Lampedusa: ancora 150 i naufraghi dispersi in mare

naufraghi dispersi 366

Con il passare delle ore si affievoliscono le speranze di ritrovare vivi i 150 naufraghi del balcone disperso questa notte a 39 miglia da Lampedusa, in acque maltesi, a causa delle cattive condizioni meteo (un mare forza 6 e raffiche di vento da Nord Ovest fino a 29 nodi) che rendono difficili le ricerche.

Le persone ritrovate, fino a questo momento, sono solo 47, nonostante l’impiego di numerosi mezzi, probabilmente questa disgrazia sarebbe potuta essere evitata grazie ad un intervento più tempestivo, visto che la richiesta di soccorso dopo essere stata intercettata dalle autorità della Valletta è stata inoltrata alla centrale operativa delle Capitanerie di Porto di Roma, dal momento che la Marina Militare maltese ha fatto sapere di non essere in grado di intervenire.

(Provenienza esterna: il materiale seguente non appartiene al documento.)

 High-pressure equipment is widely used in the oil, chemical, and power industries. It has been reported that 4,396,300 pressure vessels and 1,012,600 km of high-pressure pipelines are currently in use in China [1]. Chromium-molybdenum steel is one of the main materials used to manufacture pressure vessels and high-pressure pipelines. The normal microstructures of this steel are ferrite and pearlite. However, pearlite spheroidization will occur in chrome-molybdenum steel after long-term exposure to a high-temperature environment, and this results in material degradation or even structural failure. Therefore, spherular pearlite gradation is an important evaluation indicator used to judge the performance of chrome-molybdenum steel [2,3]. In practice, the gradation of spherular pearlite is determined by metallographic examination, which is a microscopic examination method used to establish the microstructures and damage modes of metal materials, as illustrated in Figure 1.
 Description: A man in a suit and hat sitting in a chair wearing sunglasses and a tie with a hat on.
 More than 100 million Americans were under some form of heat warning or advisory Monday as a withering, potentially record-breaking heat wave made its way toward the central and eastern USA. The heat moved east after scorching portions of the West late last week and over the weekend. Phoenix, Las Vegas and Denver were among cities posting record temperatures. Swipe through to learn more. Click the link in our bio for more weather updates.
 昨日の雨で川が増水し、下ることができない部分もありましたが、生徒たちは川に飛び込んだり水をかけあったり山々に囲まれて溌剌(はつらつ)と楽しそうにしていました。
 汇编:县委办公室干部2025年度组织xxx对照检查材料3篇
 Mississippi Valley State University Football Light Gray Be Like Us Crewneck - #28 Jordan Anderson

Una situazione questa degli immigrati che sembra diventare sempre più complicata, anche se il governo ha annunciato di essere finalmente arrivato ad un accordo con quello tunisino, malgrado non sia riuscito ad ottenere il rimpatrio delle persone giunte in questi tre mesi.

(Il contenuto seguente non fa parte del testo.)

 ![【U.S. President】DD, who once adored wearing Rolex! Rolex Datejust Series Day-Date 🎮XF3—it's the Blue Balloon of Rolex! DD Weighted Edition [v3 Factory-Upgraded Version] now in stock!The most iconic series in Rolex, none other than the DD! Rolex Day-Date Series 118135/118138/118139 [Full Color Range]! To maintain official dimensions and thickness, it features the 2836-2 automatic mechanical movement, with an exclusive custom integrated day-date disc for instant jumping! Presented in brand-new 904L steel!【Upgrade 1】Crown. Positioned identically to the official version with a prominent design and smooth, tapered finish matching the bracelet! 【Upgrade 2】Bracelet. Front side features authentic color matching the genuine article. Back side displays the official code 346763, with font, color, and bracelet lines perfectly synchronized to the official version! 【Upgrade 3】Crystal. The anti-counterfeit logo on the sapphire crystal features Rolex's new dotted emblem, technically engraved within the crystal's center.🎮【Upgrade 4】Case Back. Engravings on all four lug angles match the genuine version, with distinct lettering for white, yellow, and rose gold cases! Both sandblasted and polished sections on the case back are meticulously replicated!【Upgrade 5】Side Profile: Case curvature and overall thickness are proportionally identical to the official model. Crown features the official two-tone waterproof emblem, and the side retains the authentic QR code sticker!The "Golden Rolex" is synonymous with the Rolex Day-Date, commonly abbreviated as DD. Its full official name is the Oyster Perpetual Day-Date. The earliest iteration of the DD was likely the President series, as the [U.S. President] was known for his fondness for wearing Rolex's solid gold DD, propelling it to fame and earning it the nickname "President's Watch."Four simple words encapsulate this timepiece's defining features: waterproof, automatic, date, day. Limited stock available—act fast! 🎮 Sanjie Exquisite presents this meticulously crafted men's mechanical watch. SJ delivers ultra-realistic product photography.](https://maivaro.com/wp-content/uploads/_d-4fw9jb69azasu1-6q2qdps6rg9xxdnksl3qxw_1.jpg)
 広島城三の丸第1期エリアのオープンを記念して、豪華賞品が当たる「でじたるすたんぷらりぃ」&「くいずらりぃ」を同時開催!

Infatti, dopo lunghe trattative, il governo tunisino si è impegnato a garantire maggiori controlli per evitare nuove partenze e ad accettare la riammissione rapida di tutti quelli che arriveranno in Italia dopo l’entrata in vigore del decreto con cui sarà concesso per sei mesi il permesso di soggiorno, che il presidente del consiglio, Silvio Berlusconi, firmerà oggi.